Rising global populations have increased food demand. Yet enhancing food production threatens water security, as agriculture is the largest consumer of the world’s freshwater resources. My study (Lai et al., 2021, ERL) illustrates such threats in Northwestern China (NWC), reporting that the increasing irrigation to support ongoing cropland expansion has led to a massive water depletion over the past two decades. NWC is a typical dryland region known for severe region-wide water depletion, yet the underlying cause has been controversial: glacial melting or agricultural activity. Understanding such a cause is essential and urgent as this vast dryland faces dual challenges in food production and water scarcity. Using multi-source datasets (satellite product, reanalysis data, and census statistics), my study revealed an unsustainable water use pathway of the irrigation-supported cropland expansion in drylands, and suggested that glacial melting is unlikely to be the primary driver of the decade-long water depletion in NWC.

Fig. 1_TWS in China.jpg

The long-term dynamics of total water storage (TWS) in China from 2003–2019.

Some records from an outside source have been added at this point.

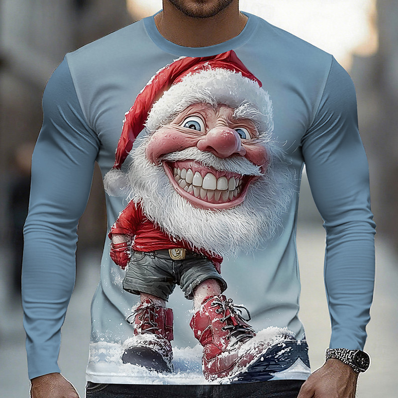 Christmas Men's Santa Claus Funny T Shirt Long Sleeve T shirt 3D Print Crew Neck Shirt Fashion Basic 3D Street Casual Daily Blue 2# Blue Summer Spring Clothing Apparel S M L XL XXL XXXL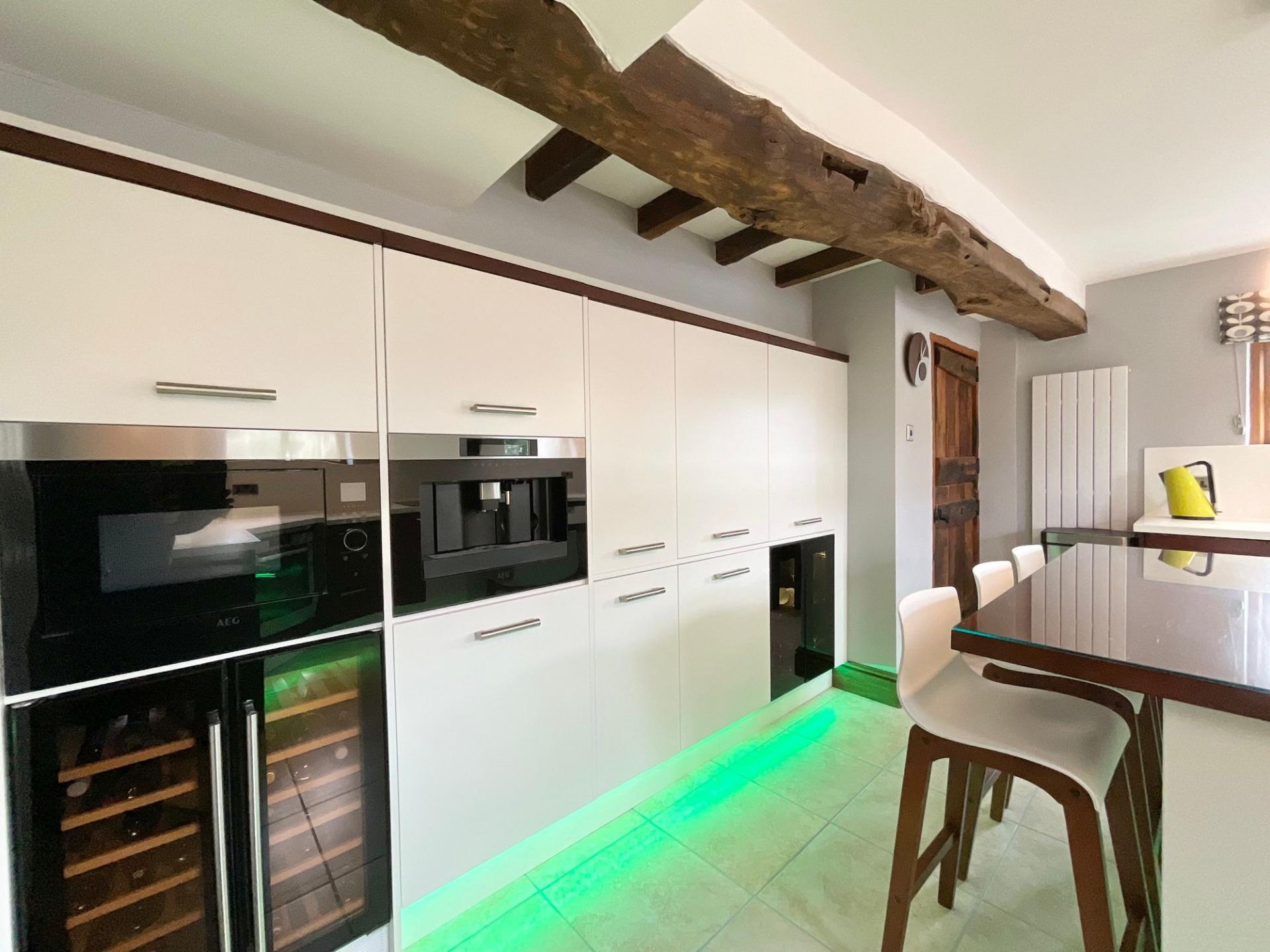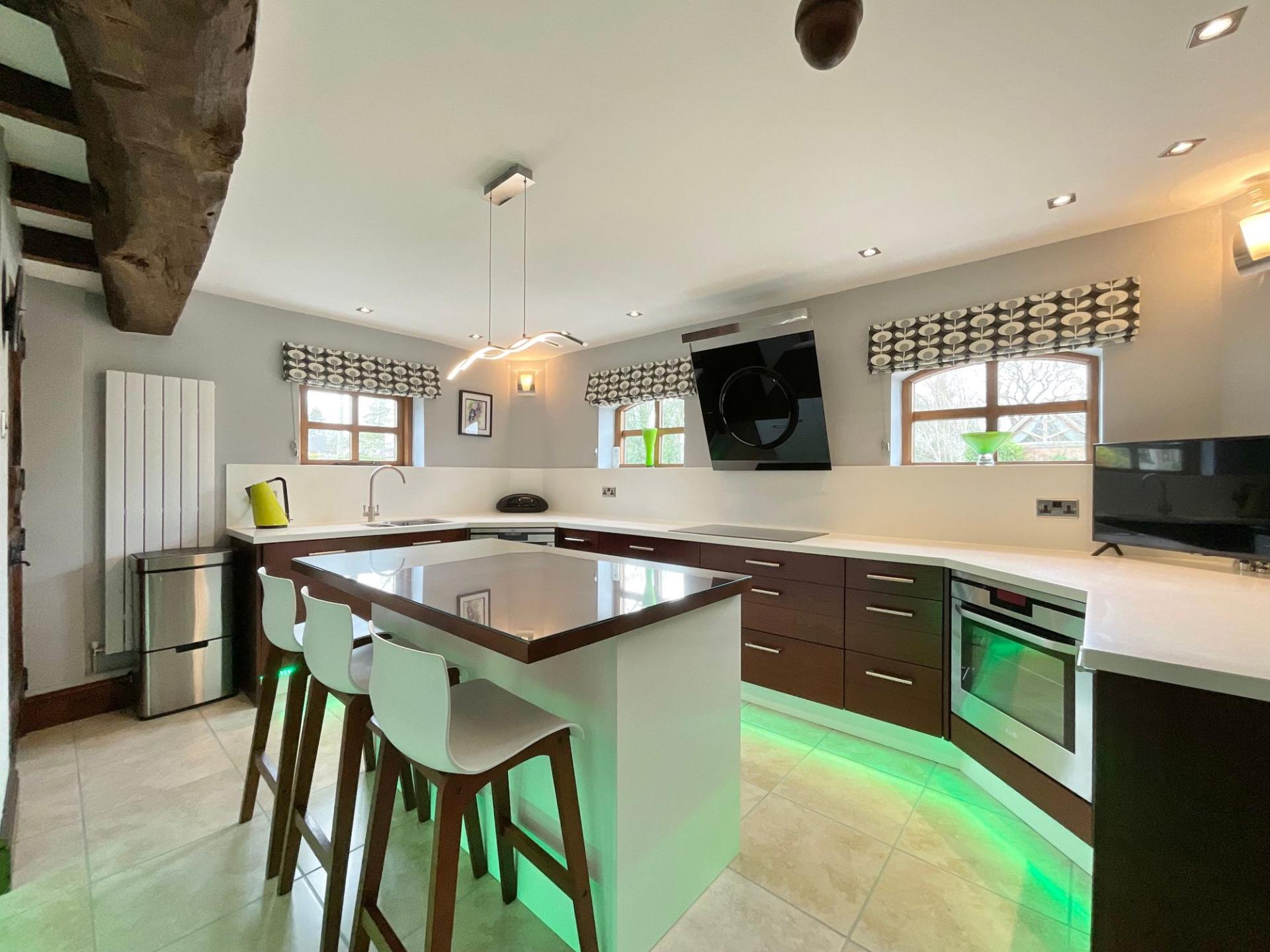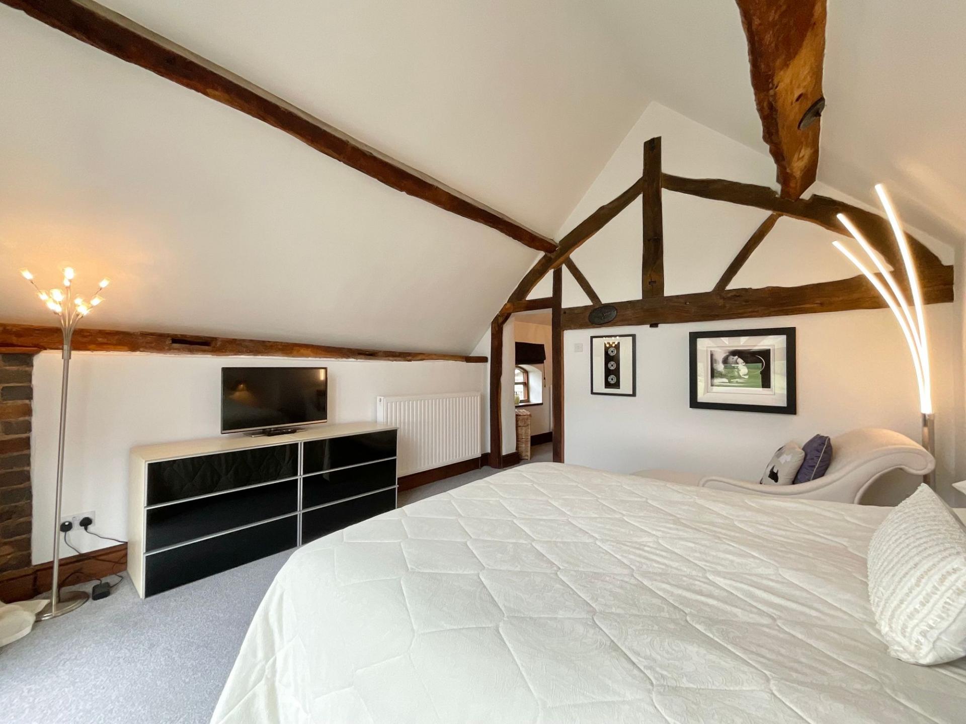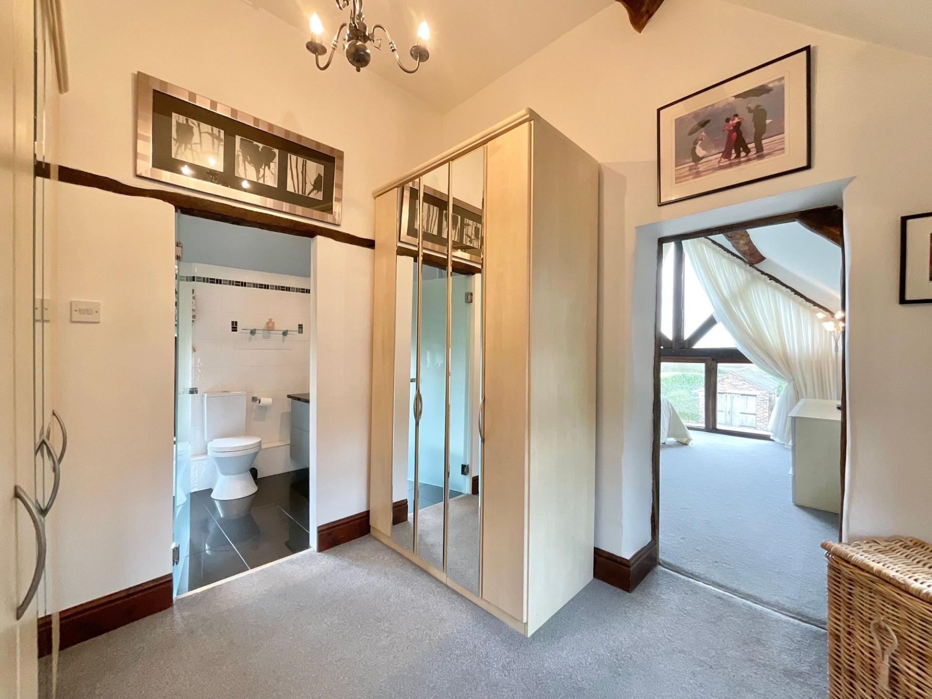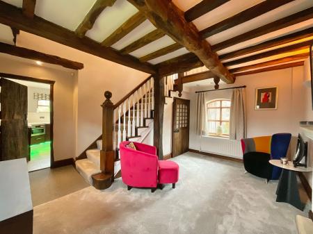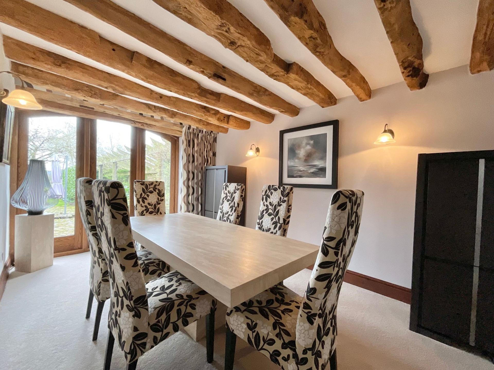 - A characterful barn conversion dating to 1863, featuring original elm doors, oak windows, and striking exposed structural beams throughout.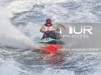 Martin Jr Doulik of the Czech Republic competes during the MOTO 2, Runabout GP1 of the UIM-ABP Aquabike Class Pro Grand Prix of Qatar at Mina Corniche, Old Doha Port in Doha, Qatar, on November 1, 2025.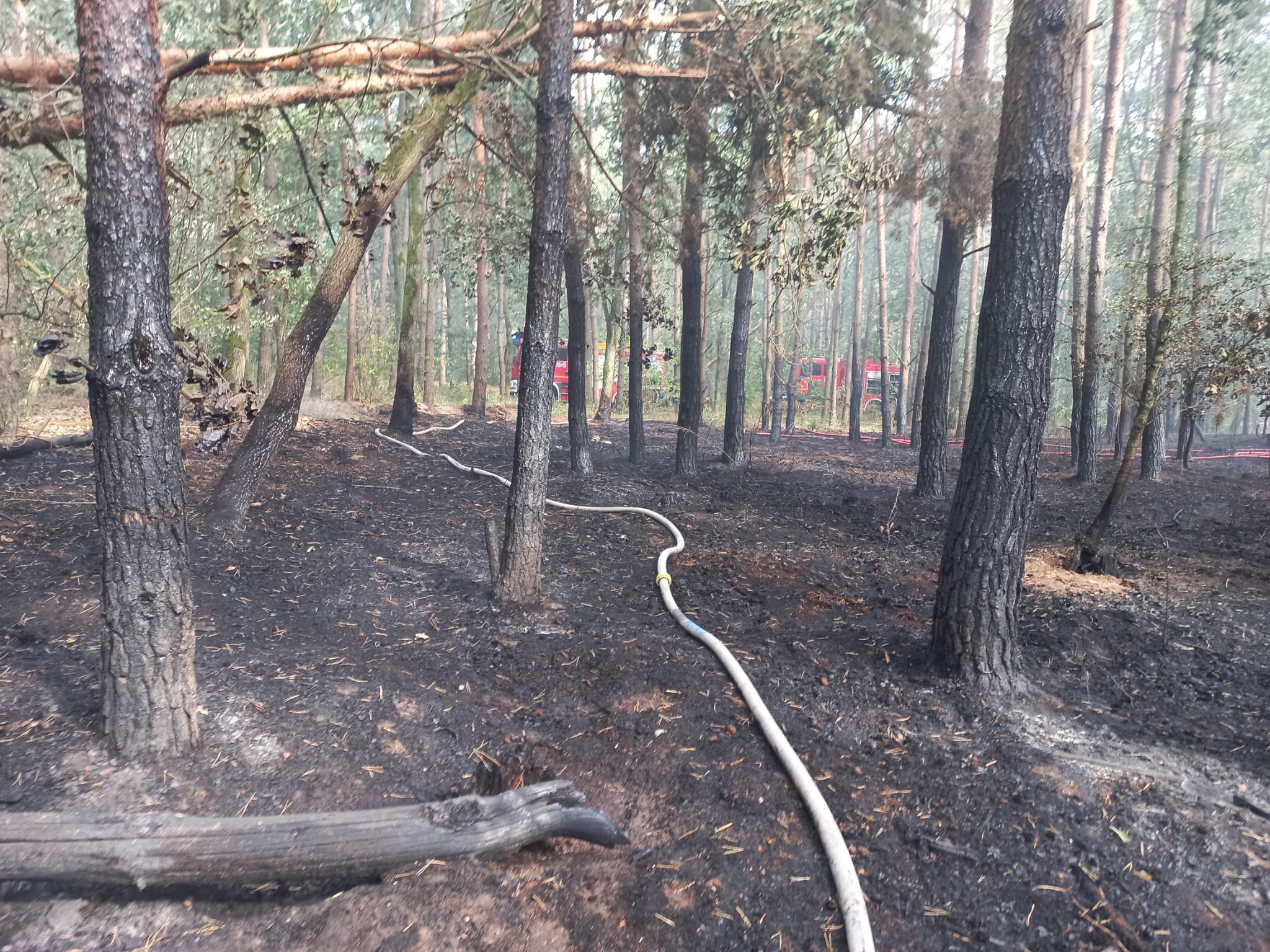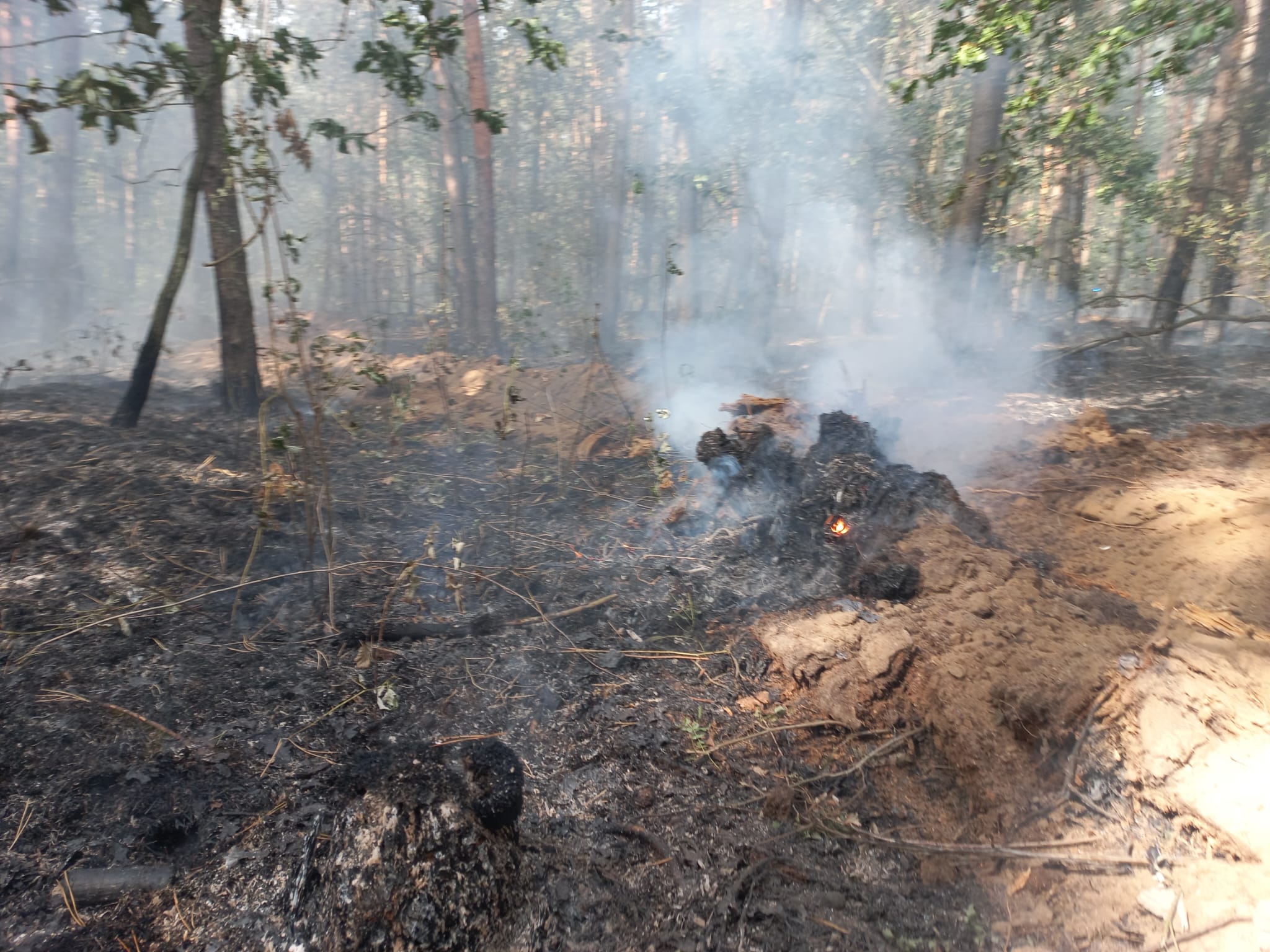 W ostatniej fazie działań strażacy przelali wodą cały teren pogorzeliska w celu potwierdzenie skuteczności działań gaśniczych i wykluczenia powstania dodatkowych zarzewi ognia. Obszar leśny, na którym powstał pożar został przekazany leśnikom, z zaleceniem 24. godzinnego dozorowania terenu.

Quantifying carbon budget in East Africa (EA) to inform future land management programs

Large-scale land restoration initiatives have been actively pursued in EA for sustainable development and climate adaptation. While these efforts can significantly reshape carbon dynamics and evolution, considerable uncertainties persist regarding their magnitude and trajectories. I am developing a state-of-the-art carbon monitoring system (CMS) in EA that integrates satellite observations with advanced modeling (Lai et al., in preparation-C). This CMS system assimilates multiple satellite datasets (e.g., leaf area index and soil moisture) into the Community Land Model 5 (CLM5) through Data Assimilation Research Testbed (DART) and incorporates spatially varying parameters for soil microbial processes from PROcess-guided deep learning and DAta driven modeling (PRODA) approach. This system can track carbon stock and fluxes (sinks/sources) and verify the climate impact of restoration programs.